More futuristic initiatives include its work on using DNA as a storage system for data and on its particular approach to quantum computing, focused on manipulating a subatomic particle called the Majorana fermion.

28. Rigetti Computing (Berkeley, CA)

Rigetti Computing not only aims to build the world’s most powerful computer using quantum computing, it also plans to make that computational power accessible to a range of companies.

The startup has already created a prototype quantum chip and is developing a cloud computing platform that will leverage the chips to support AI and computational chemistry. Large companies—among them Google, IBM, and Microsoft—are also researching quantum computing, but Rigetti thinks its approach is lower in cost and can be scaled up more quickly.

29. Kindred AI (San Francisco, CA)

Unlike other AI startups, Kindred envisions a future in which intelligent machines work together with people to increase the efficiency of both. Its system pairs robots with human “pilots” who are outfitted with VR headsets and handheld motion-tracking controllers. The robots use machine-learning algorithms to operate, but if one runs into problems—say, while grasping and placing items inside a warehouse—the human can temporarily take control, and the robot will improve its performance via reinforcement learning. The technology could lead to a new type of AI and general-purpose robots that are capable of multiple tasks.

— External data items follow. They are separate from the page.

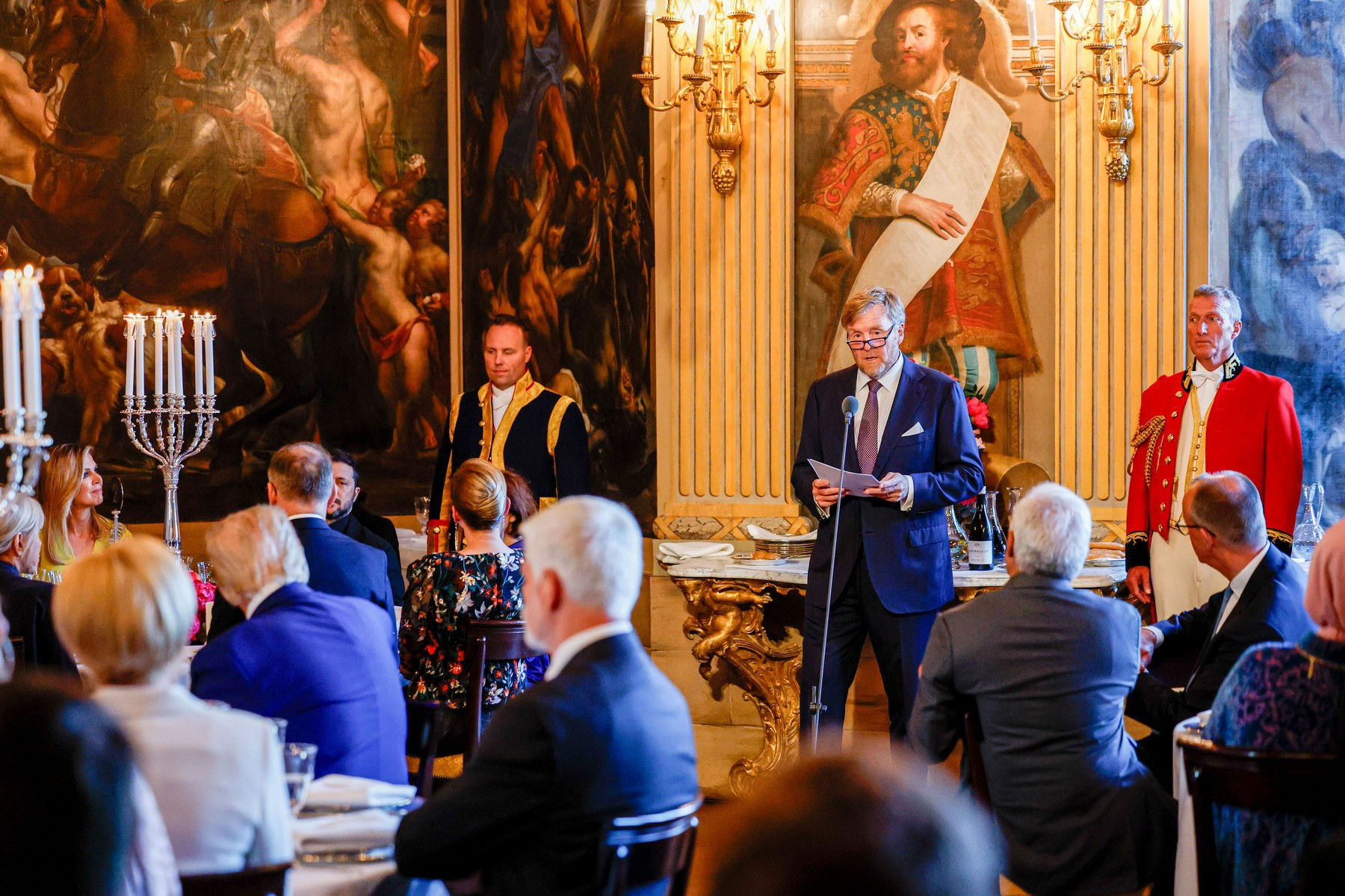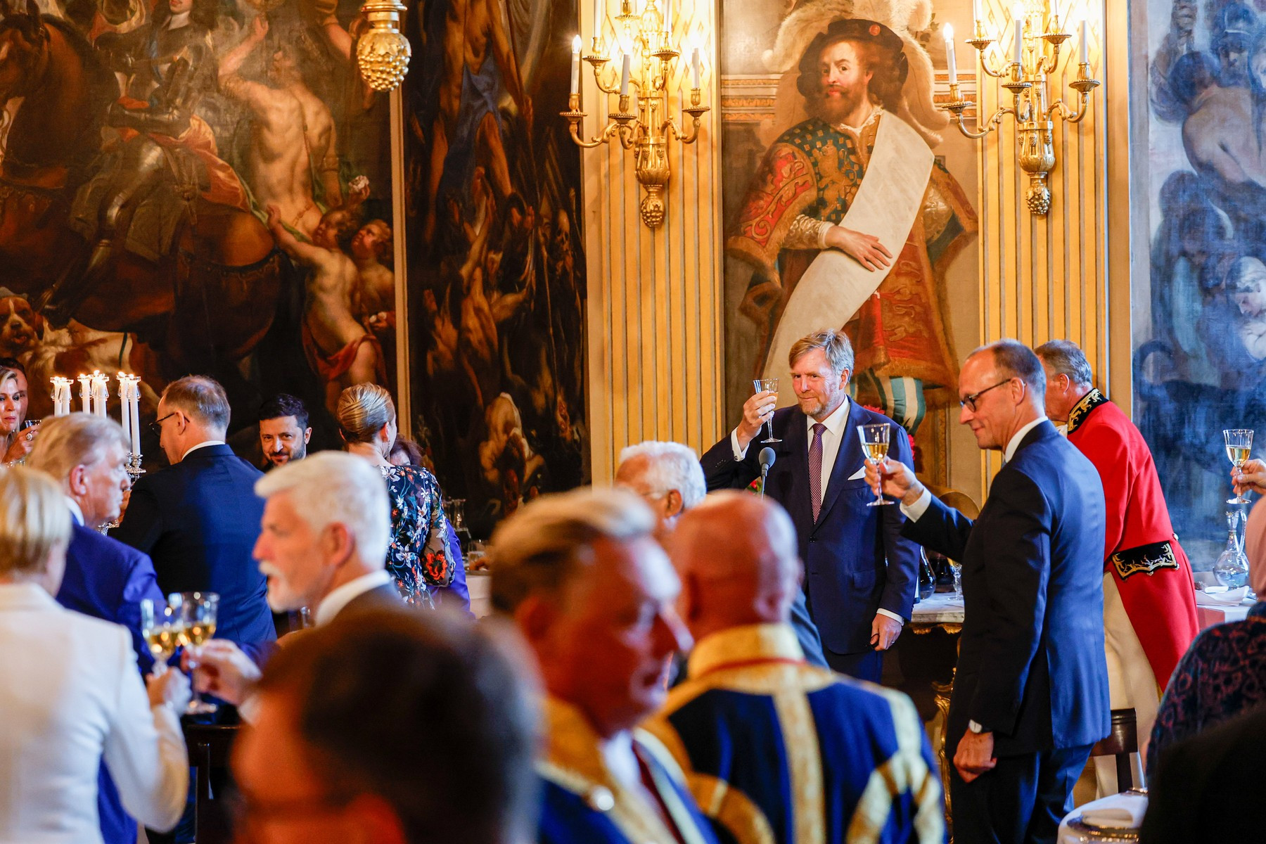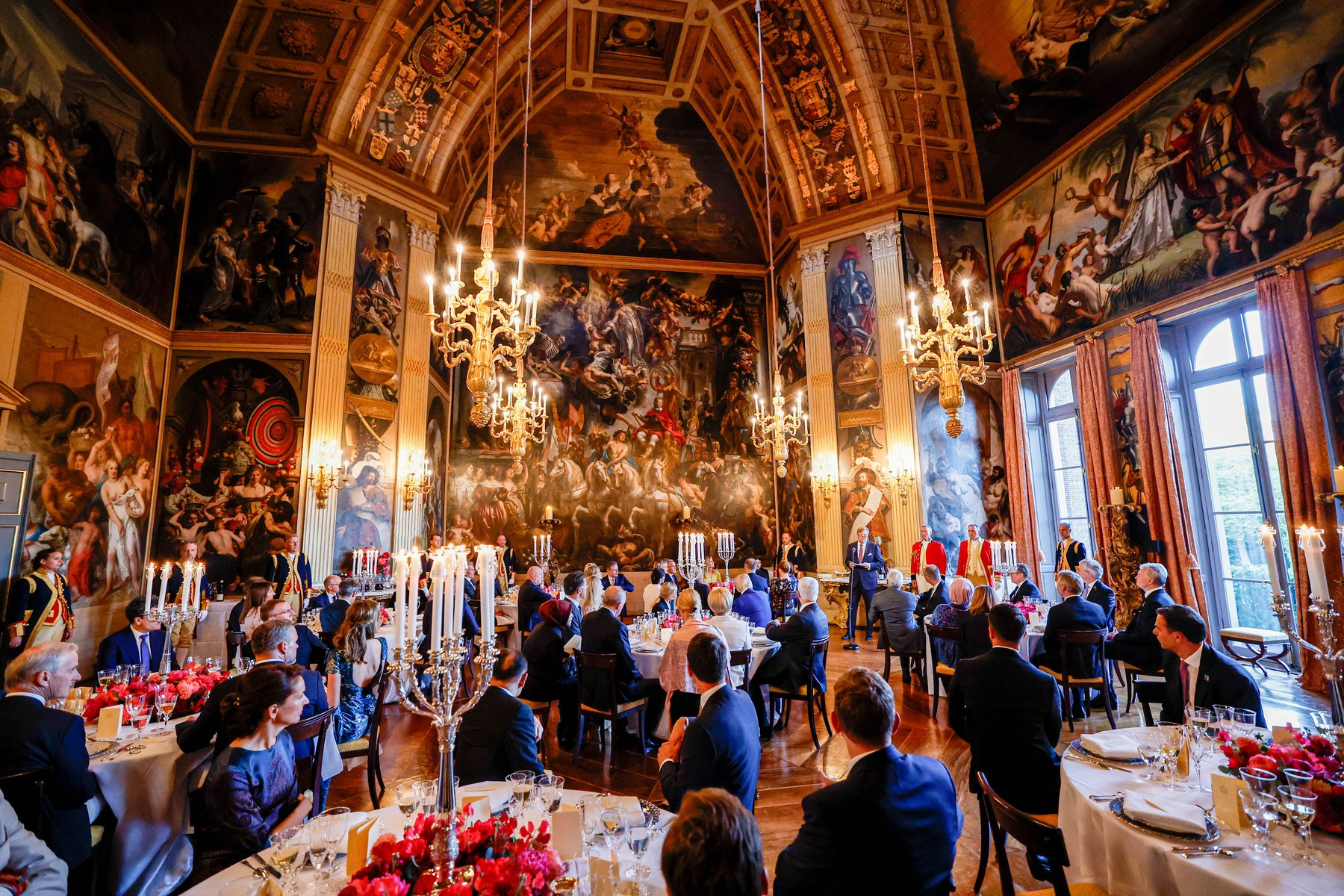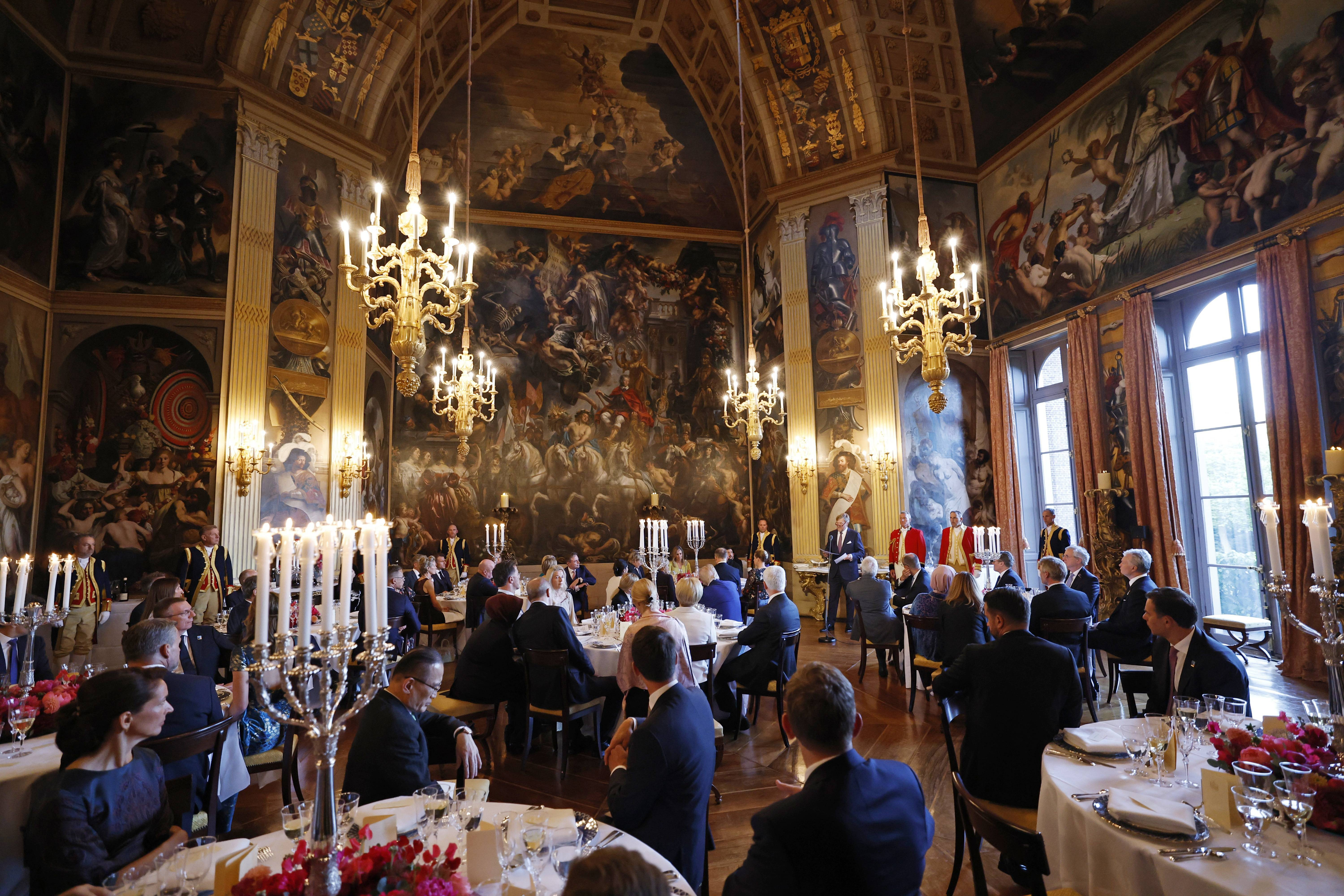 Dineul oferit de familia regală a Țărilor de Jos liderilor NATO reuniți la Haga a avut parte de strălucirea aristocratică pe care doar astfel de evenimente o pot impune. Sala aleasă este atât de spectaculoasă, încât până și Trump s-a arătat impresionat.
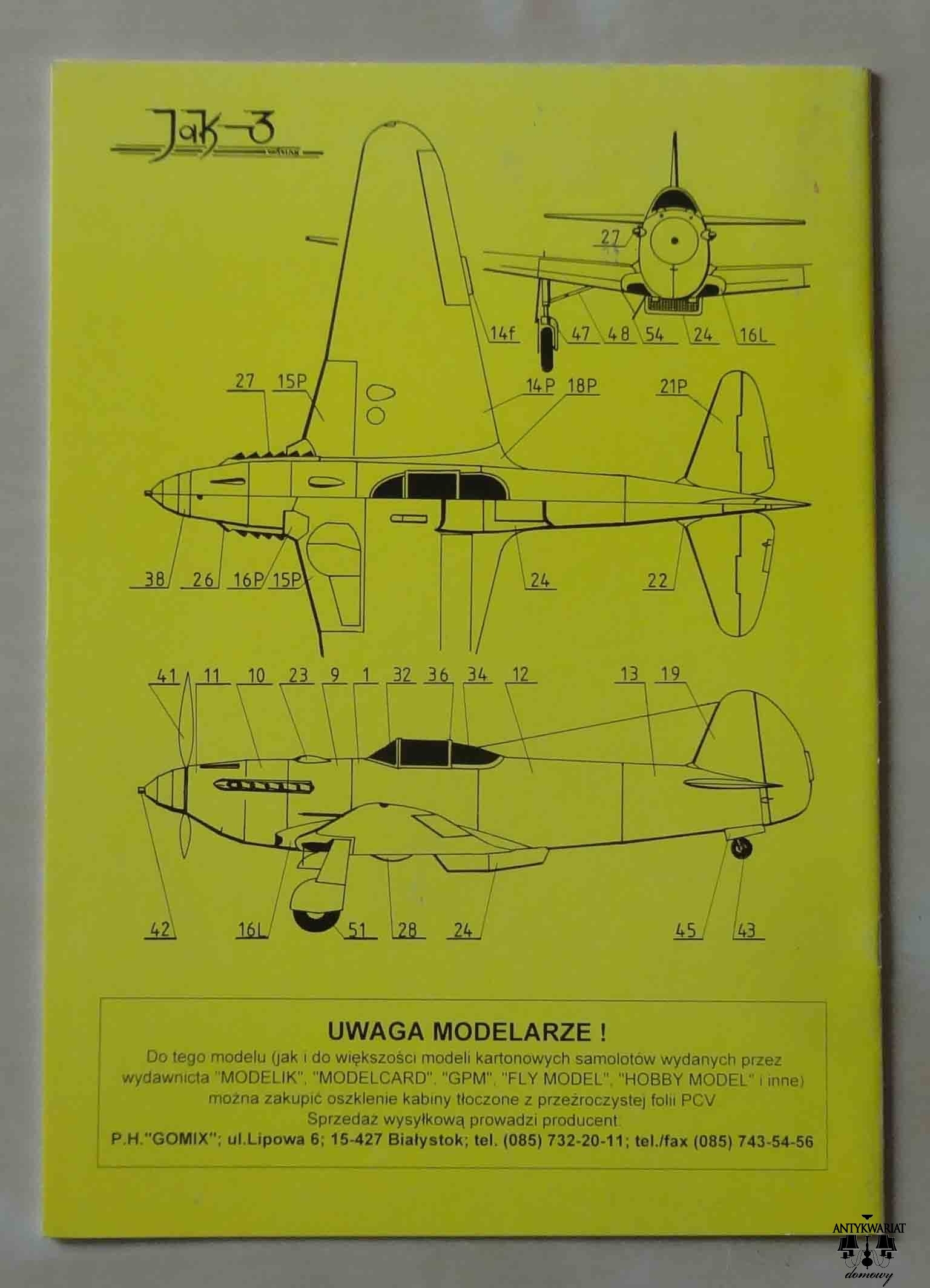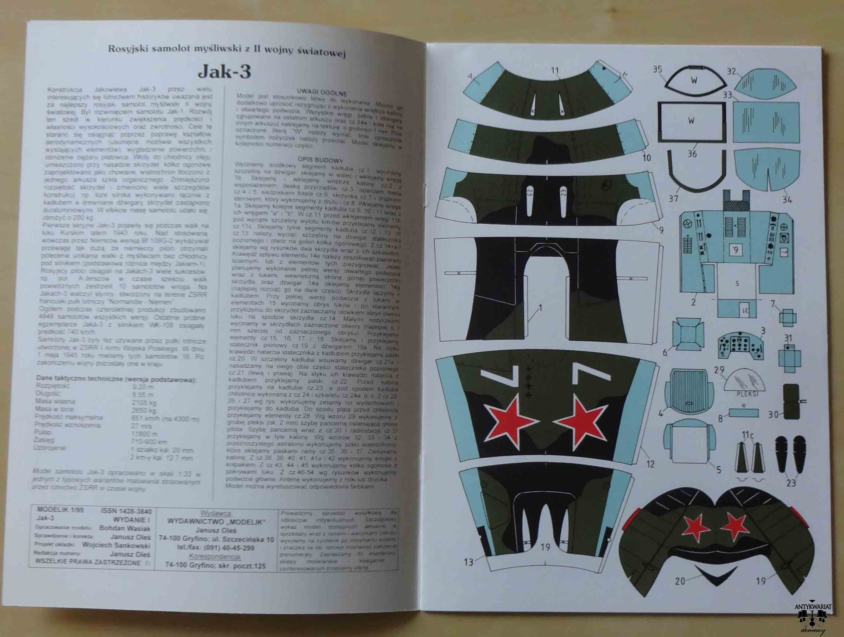 Jak-3, skala 1:33, Modelik 1/99, model kartonowy
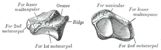 The trapezium is an irregular-shaped carpal bone found within the hand. The trapezium is found within the distal row of carpal bones, and is directly adjacent to the metacarpal bone of the thumb. On its ulnar surface are found the trapezoid and scaphoid bones.[1]:708

30. Sophia Genetics (Lausanne, Switzerland)

Sophia Genetics uses AI algorithms to sort through patients’ DNA sequences in an attempt to diagnose cancer and other illnesses more quickly. The company’s business model is to charge hospitals and doctors a fee—reportedly between $50 and $200 per test—each time they use the tool. It does not sell directly to the consumer.

The company’s expectation is that as the number of patients increases, the sophistication of its analysis will improve. The technology is now being used in more than 300 hospitals in 50 countries mostly in Latin America, Europe and Africa.

31. Tesla (Palo Alto, CA)

Elon Musk again? Sheesh, this guy must be smart! There are certainly concerns that Tesla is overextending itself, between its giant factory buildouts and its acquisition of SolarCity. Autopilot accidents and car maintenance issues add to the negatives. Still, the company continues to make bold bets. Among businesses focused on sustainability, Tesla remains the best example of a brand success, advancing the technology and economic viability of electric vehicles, energy storage, and solar.

Elon Musk presenting the Solar Roof, a revolution in green living.

Tesla flipped the switch on its massive battery factory earlier this year, and this summer the company expects to roll out its next product, the more affordable Model 3, introducing its vehicles to a far larger market. Its 400,000-plus preorders show there is demand.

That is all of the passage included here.